R for Data Science: Import, Tidy, Transform, Visualize, and Model Data, by Hadley Wickham and Garrett GrolemundBuy Now
R for Data Science: Import, Tidy, Transform, Visualize, and Model Data, by Hadley Wickham and Garrett Grolemund, is for aspiring data scientists with no previous experience working in R and RStudio. The book provides an understanding of the data science cycle, and each section is paired with exercises. Some familiarity with statistical programming is recommended for readers. The authors both work at RStudio – Wickham as the chief scientist and Grolemund as a data scientist and master instructor.
Storytelling with Data: A Data Visualization Guide for Business Professionals by Cole Nussbaumer KnaflicBuy Now
The fundamentals of data visualization are the focus of Storytelling with Data: A Data Visualization Guide for Business Professionals by Cole Nussbaumer Knaflic. The book is written for professionals who do presentations with data but is also valuable for graduate students preparing to defend a dissertation or thesis. Topics covered include understanding your audience, determining which graphs to use for your presentation, and how to tell visual stories. Knaflicis the founder and CEO of Storytelling With Data.
The Data Science Handbook: Advice and Insights from 25 Amazing Data Scientists by Carl Shan, William Chen, and Henry WangBuy Now
Pearls of wisdom from two dozen top data scientists are featured in The Data Science Handbook: Advice and Insights from 25 Amazing Data Scientists by Carl Shan, William Chen, Henry Wang, and Max Song. The data scientists spotlighted include those who work for Facebook, LinkedIn, Airbnb, Khan Academy, and other top companies. It’s written for aspiring and current data scientists looking for career advice and inspiration. The authors are all data scientists.
Weapons of Math Destruction: How Big Data Increases Inequality and Threatens Democracy by Cathy O’NeilBuy Now
Weapons of Math Destruction: How Big Data Increases Inequality and Threatens Democracy by Cathy O’Neil challenges readers to look at the dark side of big data. The book was a New York Times bestseller and National Book Award Longlist selection. Anyone interested in sociology, big data, predictive analytics, artificial intelligence, and/or algorithms will find this book a fascinating read. O’Neil is a data scientist who started the Lede Program in Data Journalism at Columbia University.

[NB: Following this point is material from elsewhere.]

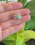 Crafted in a vintage-inspired design, this ring pays homage to the classics while adding a modern touch. The natural jadeite jade centerpiece, with its captivating hues, is embraced by intricate sterling silver detailing, accented by delicate gold plating. This ring is not just an accessory; it's a piece of history, a symbol of good luck, fortune and peace. Elevate your style with this unique treasure, perfect for both special occasions and everyday elegance.

Build a Career in Data Science by Emily Robinson and Jacqueline NolisBuy Now
Students and career-changers interested in working in the data science field are the target audience for Build a Career in Data Science by Emily Robinson and Jacqueline Nolis. This book begins with an explanation of what data science is, and then proceeds to explain how you can find a job in this field and grow into your role as a data scientist. It also includes interviews with professional data scientists. Robinson is a senior data scientist at Warby Parker, and Nolis is the chief product officer at Saturn Cloud.